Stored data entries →
+ + +
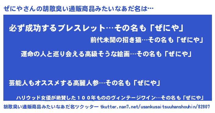 | 意味不明あだ名 | 『ぜにやフォーエバー』『ペロリンぜにや』 |
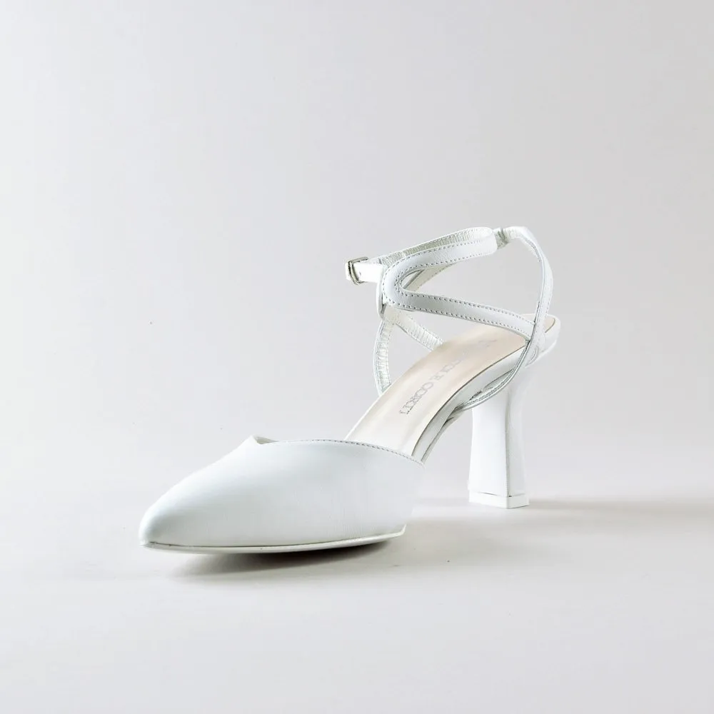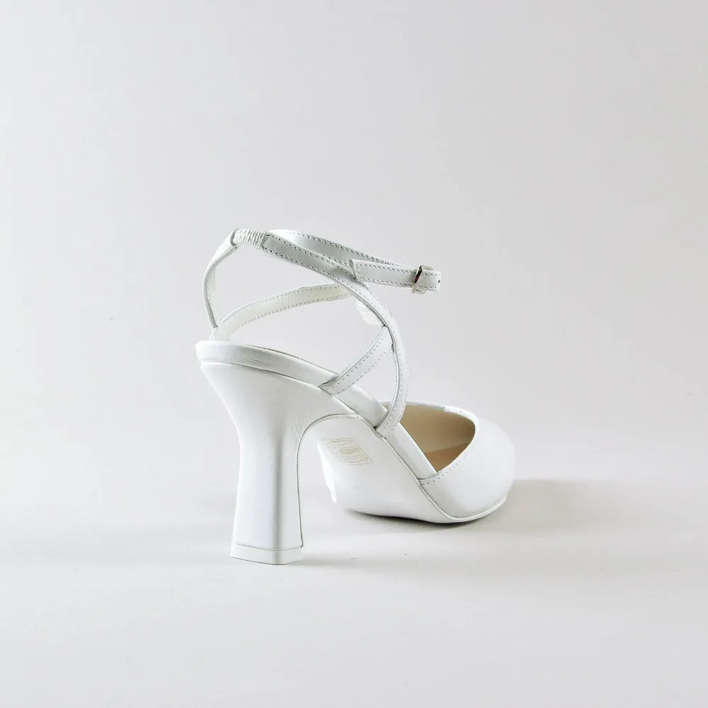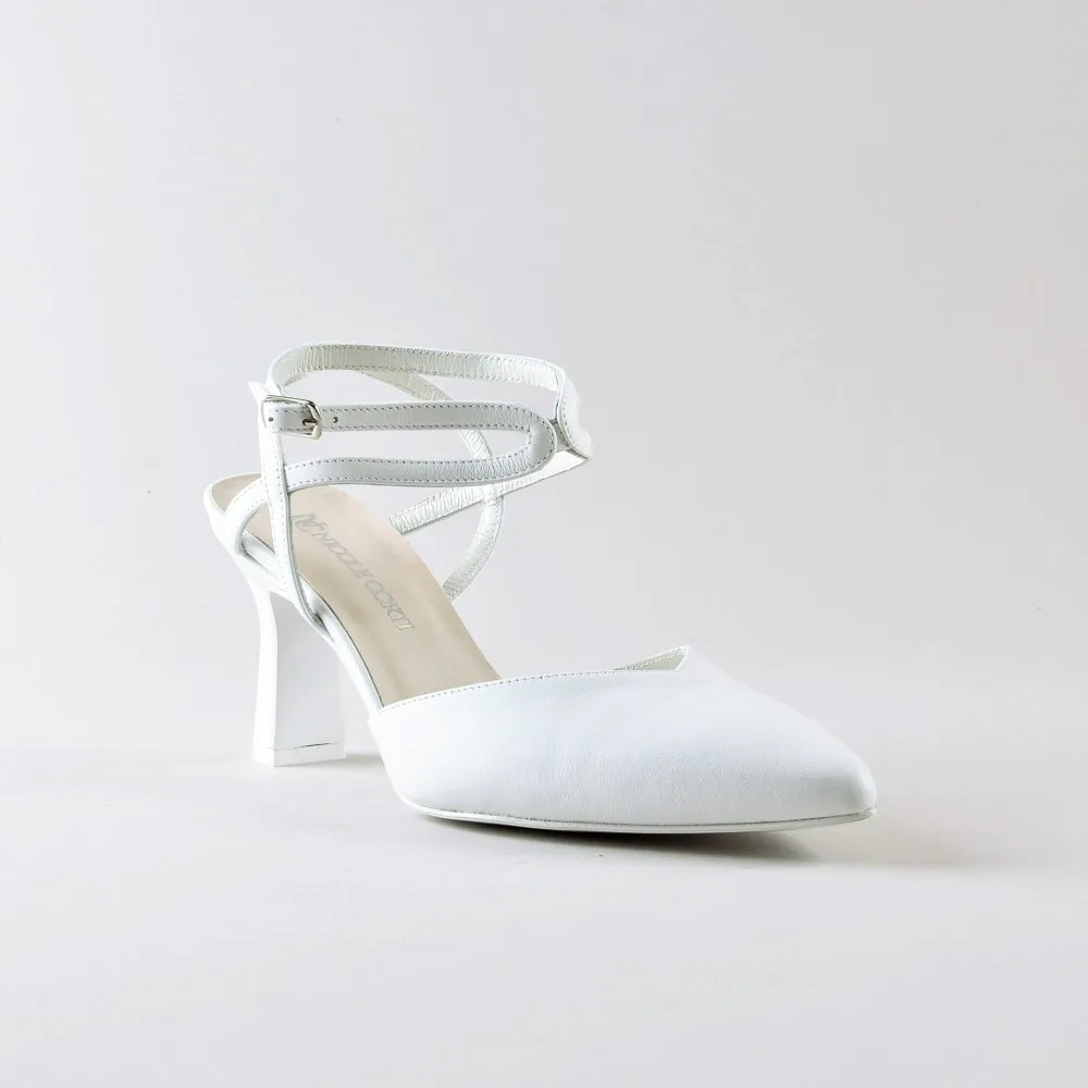 Ankle Strap Madame di NIKI CORTI รจ la scelta ideale per la sposa che desidera combinare eleganza e comfort nel giorno del matrimonio. Realizzate in morbida nappa bianca, queste scarpe presentano un tacco di 70mm con base rettangolare che, visto di lato, appare sottile, offrendo cosรฌ una combinazione di stabilitร e raffinatezza.
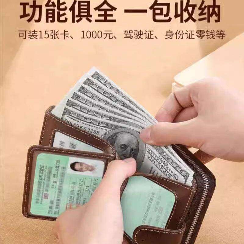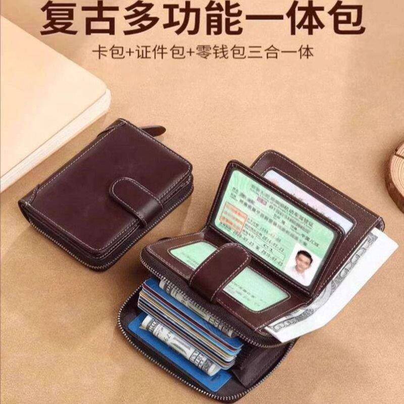 男士复古真皮质感2026短款驾驶证卡包一体大容量多功能竖款男钱包
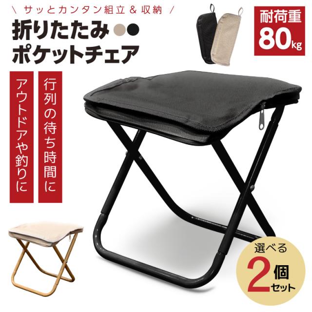 【2脚セット】折りたたみチェア 折りたたみ椅子 ポケットチェア コンパクト 軽量 折り畳み 収納袋 ポケット収納 持ち運び 携帯 キャンプ 釣り フィッシング アウトドア 海 山 いす イス 耐荷重80kg 運動会 お花見 花火大会 ポータブル
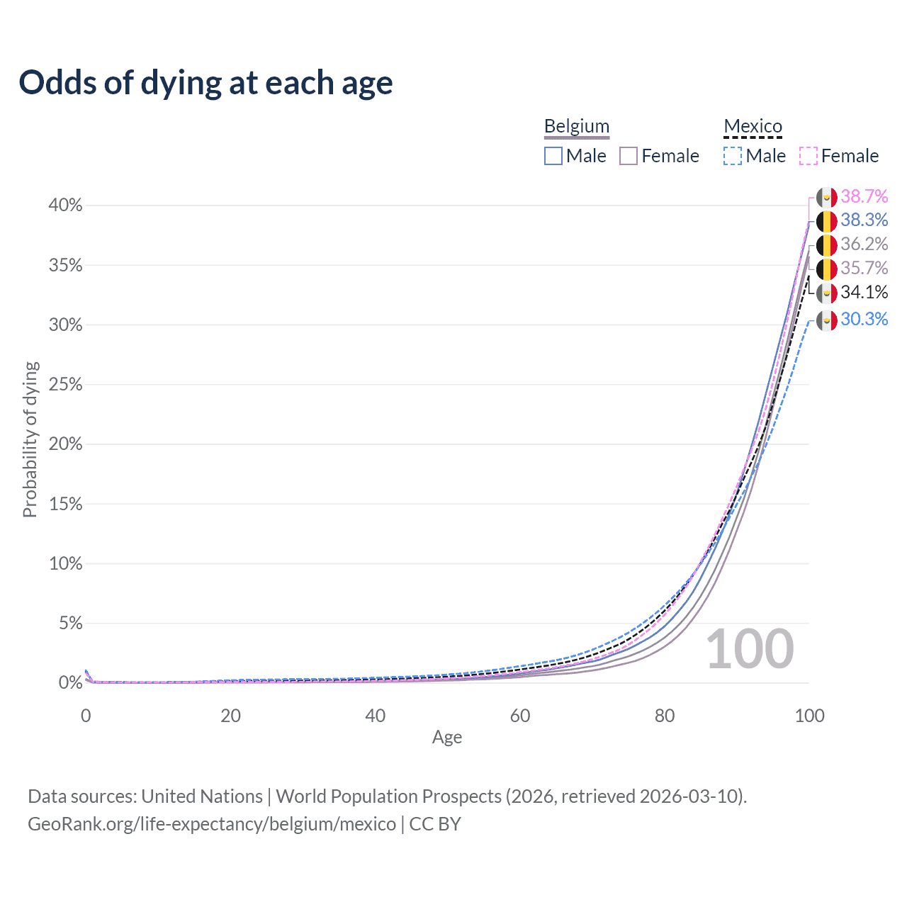 This life expectancy calculator shows the odds of living to 100, 95, 90, and below based on current age for both males and females in Belgium and Mexico, along with mean and median age of death. The calculations are based on the 2026 life tables (actuarial tables) from the UN World Population Prospects.
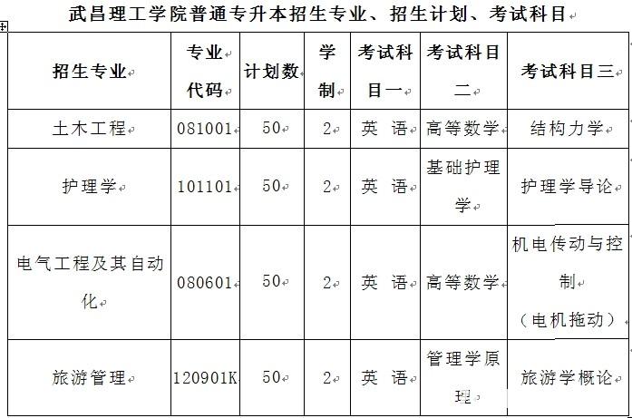 中南在线4月25日消息(记者 鲁信 报道)日前,武昌理工学院发布2014年普通专升本招生简章,面向湖北省普通高等教育专科层次的应届毕业生招生共计200人。今年是该校具有招收“专升本”资格后首次招生,有4个专业招生,分别是土木工程、护理学、电气工程及其自动化和旅游管理,各计划招生50人。
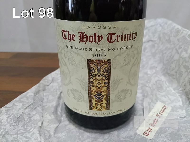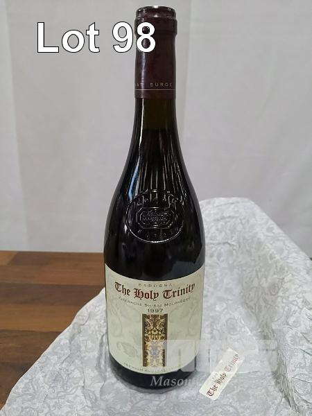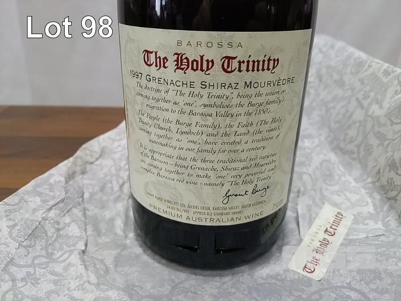 1997 GRANT BURGE "THE HOLY TRINITY" BAROSSA GRENACHE SHIRAZ MOURVEDRE. SINGLE 750ML BURGUNDY BOTTLE, UNDER CORK. FILL LEVEL "1 CM". CAPSULE GOOD. BOTTLE & LABELS EXCELLENT.
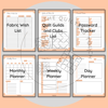 This quilt planner journal has sewing designs around the edges in pink. Plan your quilts with ease with this printable quilt planner. This 13-page PDF is packed with handy planning pages as well as Month, Week and Daily planning pages.
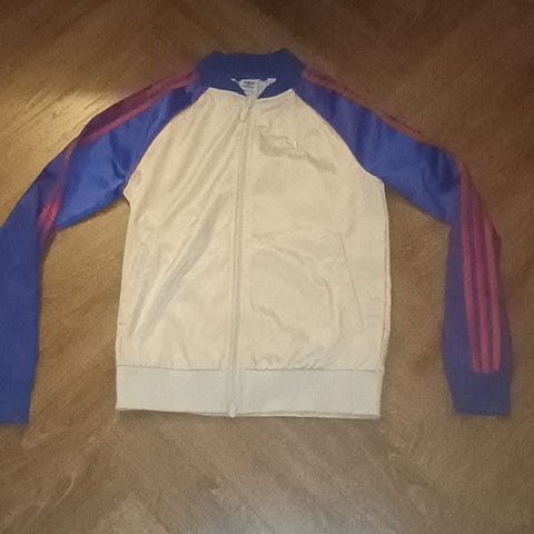 ADIDAS kevät-takki. Koko S, pituus niskasta helmaan n.70cm, hihan pituus n.60cm ja vetskari kiinni leveys n.40cm. Vetskarin kelkasta irronnut metalli-lippa(kts. kuva), muuten takki on siisti, ehjä ja hyvässä kuosissa.
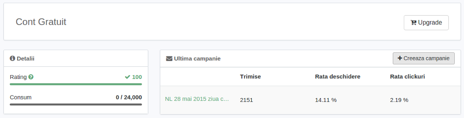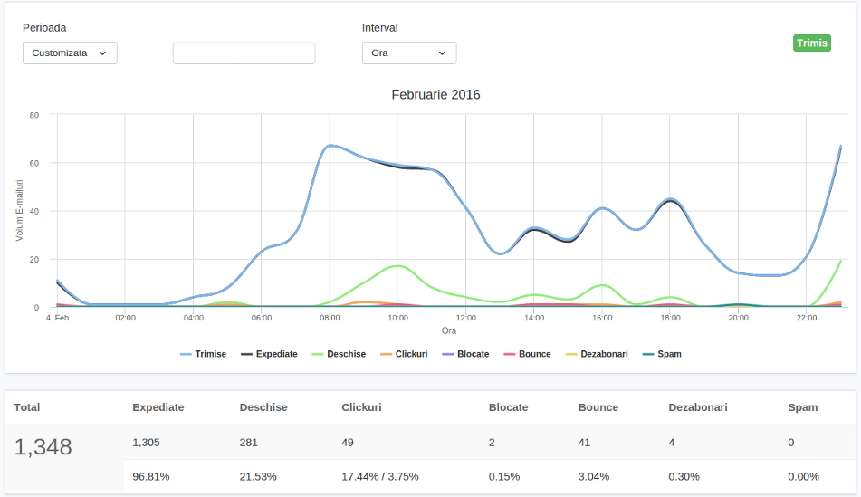 In statistici se poate urmari evolutia campaniilor si anume cate email-uri s-au trimis in total, numarul celor in asteptare, expediate, deschise si cate click-uri au fost date daca ai adaugat link-uri in email-urile trimise. Statisticile oferite sunt pe zile si in functie de acestea se pot imbunatati campaniile de promovare.
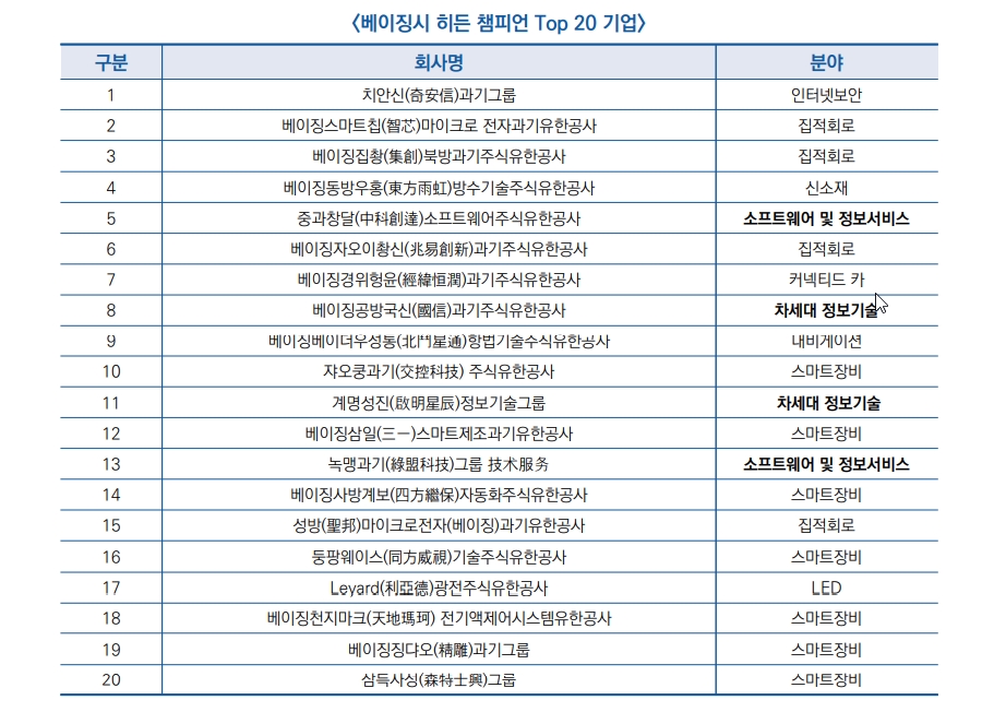 ▣ 최근 베이징시 경제・정보화국(北京市經濟和信息化局)과 공상업연합회(工商業聯合會)은 공동으로 베이징시 히든 챔피언 기업 상위 20개 사를 선정(1.25)
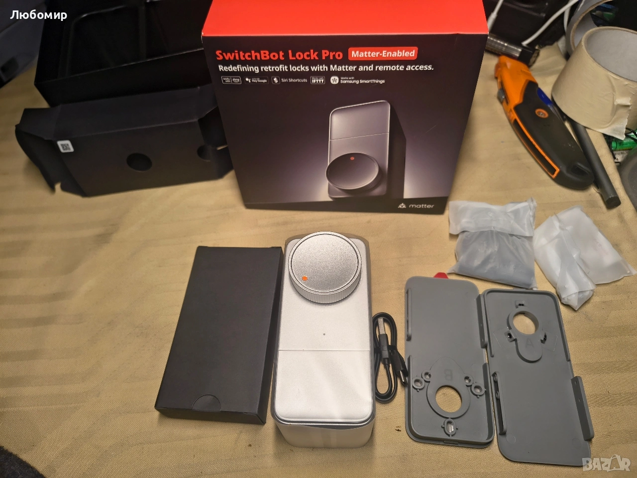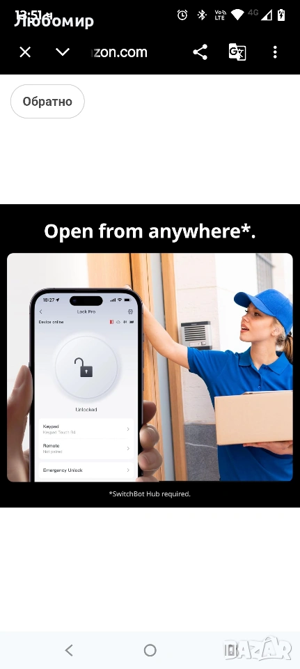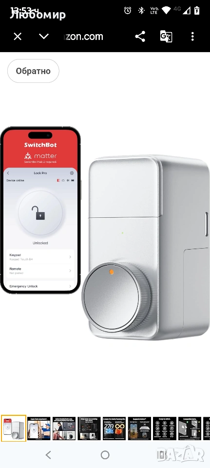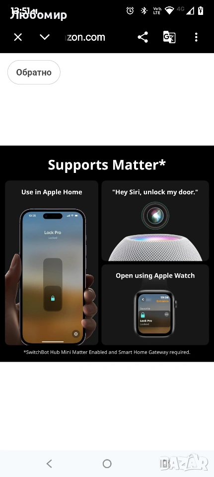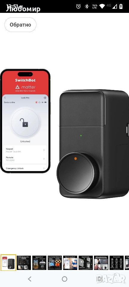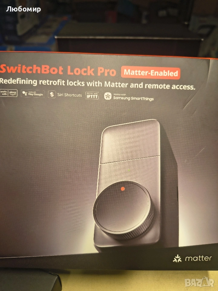 SwitchBot Smart Lock Pro безключова ключалка за входна врата, интелигентно заключване с резе, преоборудване за съществуващо резе, монтаж без пробиване за наематели, автоматично заключване, добавяне на хъб (продава се отделно) за Matter Siri, Alexa Matter и гласово управление (необходим е хъб)】 Отключете повече начини за управление на вратата си: когато е сдвоен със SwitchBot Hub 2 (продава се отделно) и използва приложението SwitchBot версия 9.17 или по-нова, SwitchBot Smart Lock Pro поддържа Matter за управление чрез iPhone и Siri. За стабилна връзка поставете хъба в обхвата на Bluetooth на Lock Pro. Lock Pro работи и с Alexa и Google Assistant за гласово управление. (Функциите за гласов асистент изискват съвместим хъб и правилна настройка.)
+ + +
Exercise brief → The lines to be transcribed are those from the first line of the data above through the line holding "This life expectancy", inclusive; copy them exactly and only, leaving out the pictures.

Written response →
 | 意味不明あだ名 | 『ぜにやフォーエバー』『ペロリンぜにや』 |
 Ankle Strap Madame di NIKI CORTI รจ la scelta ideale per la sposa che desidera combinare eleganza e comfort nel giorno del matrimonio. Realizzate in morbida nappa bianca, queste scarpe presentano un tacco di 70mm con base rettangolare che, visto di lato, appare sottile, offrendo cosรฌ una combinazione di stabilitร e raffinatezza.
 男士复古真皮质感2026短款驾驶证卡包一体大容量多功能竖款男钱包
 【2脚セット】折りたたみチェア 折りたたみ椅子 ポケットチェア コンパクト 軽量 折り畳み 収納袋 ポケット収納 持ち運び 携帯 キャンプ 釣り フィッシング アウトドア 海 山 いす イス 耐荷重80kg 運動会 お花見 花火大会 ポータブル
 This life expectancy calculator shows the odds of living to 100, 95, 90, and below based on current age for both males and females in Belgium and Mexico, along with mean and median age of death. The calculations are based on the 2026 life tables (actuarial tables) from the UN World Population Prospects.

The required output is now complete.